Practical Abstraction in Ember.js

Embers

Ember provides a LOT of powerful abstractions. With all that power, it can be difficult to know what tools will best add meaningful functionality to your app while gaining leverage for the future. The Ember docs will walk you through the roles of templates, controllers, models, and all the other pieces you’d expect in a modern JavaScript app framework, but what they don’t cover are tactics for using some of the deeper concepts of Ember (and functional JavaScript programming) to help you write less, but better, code.

Here are a few tools we’re using on my current project, a non-trivial Ember.js application, to do just that.

Ember.computed Macros

Let’s start simple. The best code is the code you don’t have to write yourself. To that end, Ember provides a set of computed properties that solve common cases.

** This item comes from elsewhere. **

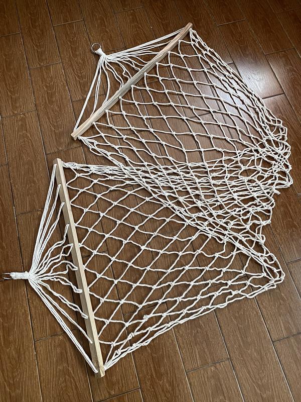 Гамак-сетка с древесными перекладинами на металлических кольцах. Диаметр колец: 4,5 см. Материал: ткань хб, дерево. Размер: 240*80 см. Размеры ячойки в свободном виде: 6*12 см Размеры ячойки в натянутом виде: 12*15 см. Такой гамак отлично подойдет для отдыха дома и на природе.

See Tony’s post about Ember.computed macros for more info.

Inheritance

Still pretty simple. A comfortable, familiar friend. Inheritance is still a simple and effective tool. Inheritance in Ember works well when:

  • you need to slightly alter the behavior of an existing class by overriding a few functions or computed properties
  • the properties and body of the functions can be fully defined ahead of time (no dynamic names, etc.)
  • the pattern you’re building applies exclusively to objects of the same type

By far, our biggest use of inheritance is to modify the behavior of built-in Ember classes like Ember.Select and Ember.TextField.

It may not be the right choice if:

  • there is already inheritance in play, and the new functions don’t fit well with the existing responsibilities of the superclass
  • the same patterns need to be applied to multiple properties in the same object
  • functions and properties from more than one source are needed

As an example, we subclassed a few of Ember’s controls and overrode some of the particulars (in CoffeeScript):

Web.ChosenSelectOption = Ember.SelectOption.extend
  template: Ember.Handlebars.compile('{{unbound view.label}}')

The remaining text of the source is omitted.